Connected Health aims to maximize healthcare resources and provide increased, flexible opportunities for consumers to engage with clinicians and better self-manage their care. The model uses technology to deliver patient care outside of the hospital or doctor’s office.
Recent data collected by Pew Internet: Americans and their Gadgets suggest that 86% of U.S. residents own a mobile phone and this number is as high as 96% among Americans aged 18 to 29 years. And, according to a recent survey of 2,041 physicians by Manhattan Research, Albany Medical Center, an estimated 81% of physicians are using smartphones in 2011 (up from 72% in 2010).
Tech-savvy physicians have long been fans of mobile technology, even before it became as user-friendly as it is today. Many physicians adopted the Palm Pilot when it was the new device on the market. The BlackBerry was the first smartphone to reach widespread adoption rates in healthcare, with hospitals buying them in bulk and giving them to physicians. But the mobile devices available today have something to offer even the least tech-savvy physicians, mainly ease of use, which is why the market penetration has gone so deep, according to data from Albany Medical Center, which supports a growing trend of physicians using iPads.

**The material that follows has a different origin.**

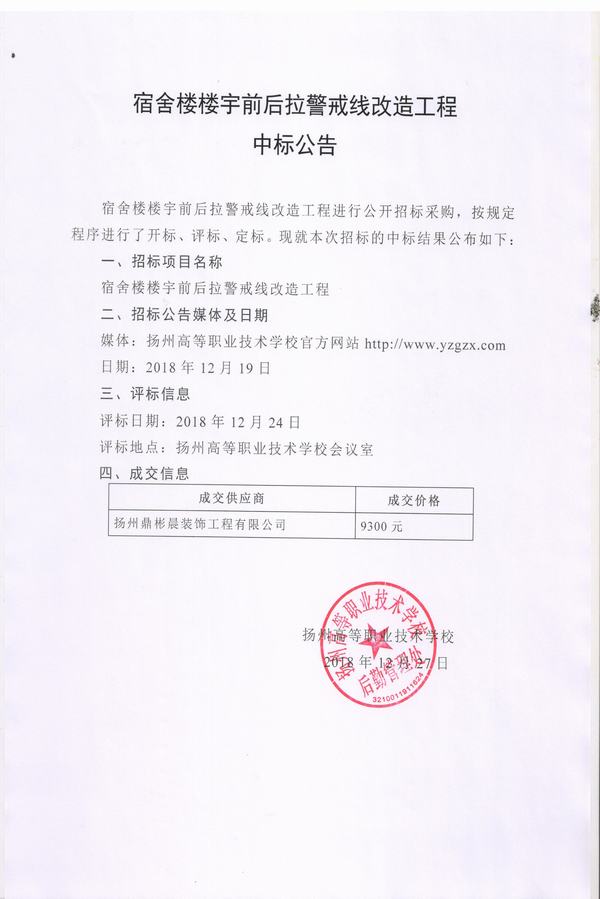 宿舍楼楼宇前后拉警戒线改造工程中标公告

Increasingly, doctors practicing in the U.S. are also putting aside pen and paper and sending prescriptions to pharmacies electronically, prompted by some $27 billion in government funds aimed at quickening the switch to electronic medical records. There are now 200,000 doctors using e-prescribing, or roughly one in three office-based doctors. In Massachusetts, one in three prescriptions is now written electronically, and 57% of doctors are sending prescriptions electronically with more doctors nationwide expected to switch to electronic prescriptions – which promises to help prevent medical errors caused by poor handwriting and harmful drug interactions.
Recently, the American Medical Association launched a complete cloud-based platform, through Amagine that will allow physicians to access clinical tools with a single sign-on to a Web-based platform.
Mobile and wireless technologies have become a routine part of care coordination with hospitals and doctors receiving and transmitting medical literature, prescriptions, consults with colleagues and more – creating connections that matter.